Protective Role of a TMPRSS2 Variant on Severe COVID-19 Outcome in Young Males and Elderly Women

Abstract

The protease encoded by the TMPRSS2 gene facilitates viral infections and has been implicated in the pathogenesis of SARS-CoV-2. We analyzed the TMPRSS2 sequence and correlated the protein variants with the clinical features of a cohort of 1177 patients affected by COVID-19 in Italy. Nine relatively common variants (allele frequency > 0.01) and six missense variants which may affect the protease activity according to PolyPhen-2 in HumVar-trained mode were identified. Among them, p.V197M (p.Val197Met) (rs12329760) emerges as a common variant that has a deleterious effect on the protease and a protective effect on the patients. Its role appears particularly relevant in two subgroups of patients-young males and elderly women-and among those affected by co-morbidities, where the variant frequency is higher among individuals who were mildly affected by the disease and did not need hospitalization or oxygen therapy than among those more severely affected, who required oxygen therapy, ventilation or intubation. This study provides useful information for the identification of patients at risk of developing a severe form of COVID-19, and encourages the usage of drugs affecting the expression of TMPRSS2 or inhibiting protein activity.

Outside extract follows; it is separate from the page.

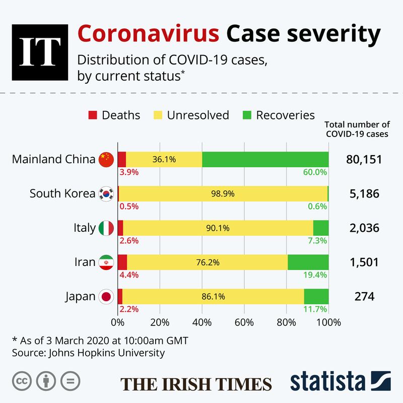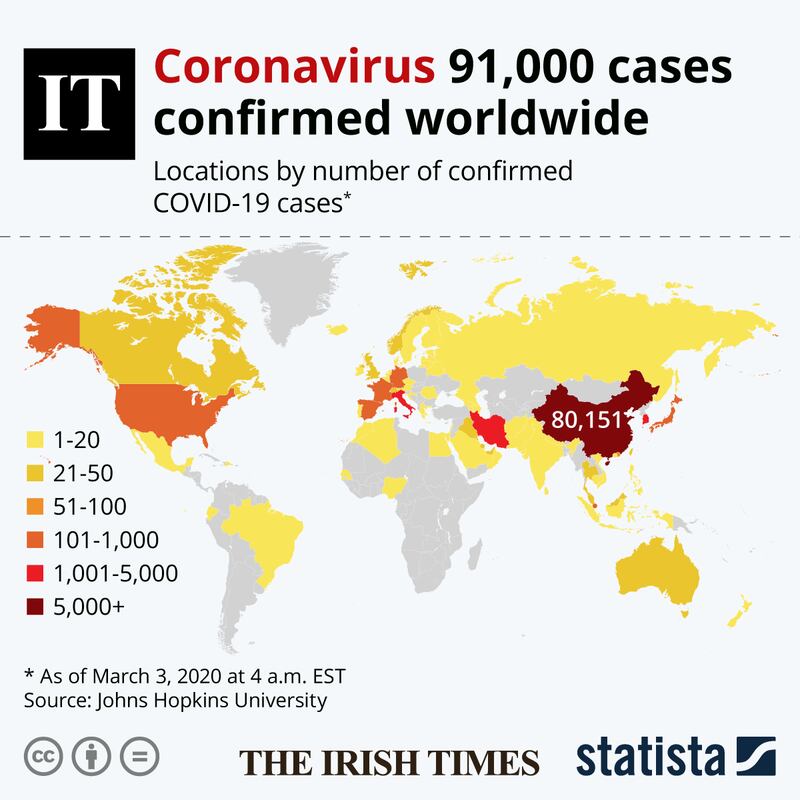 Anyone coming back from these areas and who feels unwell is being advised to contact their GP and may require testing. Italy, the European country worst affected by coronavirus, has exported cases to many other countries, including Ireland.
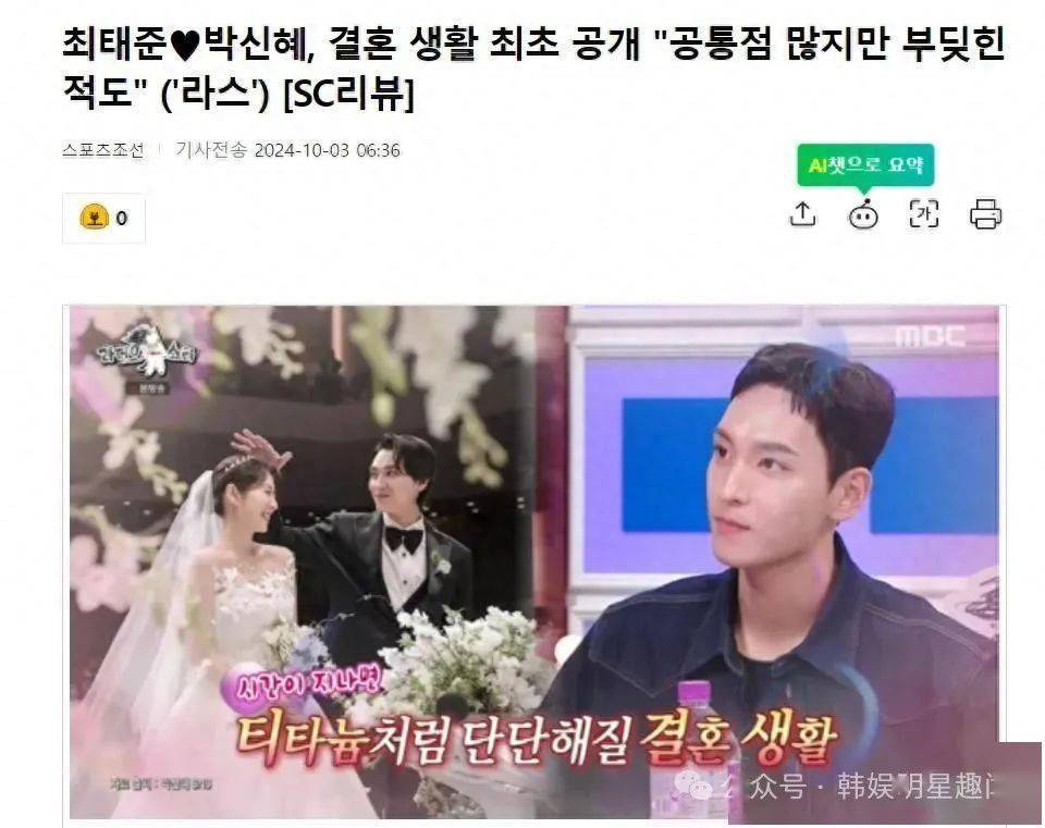 韩国知名男星,演员崔泰俊,公开了与妻子朴信惠的婚姻故事。

Keywords: COVID-19; TMPRSS2; V197M; Whole-Exome Sequencing (WES); missense mutation.

Figure 1

Prevalence of p.G296G or p.V197M in COVID-19 patients subdivided by different clinical outcomes. The percentages of carriers (A,B), heterozygous (C,D) and homozygous (E,F) individuals for p.G296G (A,C,E) or p.V197M (B,D,F) in each clinical category, i.e., patients who needed intubation, ventilation (CPAP/BiPAP), or oxygen therapy, patients who did not need oxygen therapy (no resp support) or were not hospitalized (nh), are reported. The 95% confidence interval around the regression line is calculated as the product of the regression standard error and the value of the 0.975-th quantile of a t distribution with 3 degrees of freedom.

Figure 2

TMPRSS2 structure. A linear representation of TMPRSS2 is shown in panel (A). The probably and possibly damaging mutations identified by the HumVar-trained model in wAnnovar are highlighted. The model of the region spanning from aa 187 to 526 is shown as a cartoon in panel (B). The SRCR-like domain is in deep teal cyan, peptidase domain is in marine blue, and the linker is in light pink. V197 (red), F246 (green), and S265 (yellow) belong to the SRCR-like domain.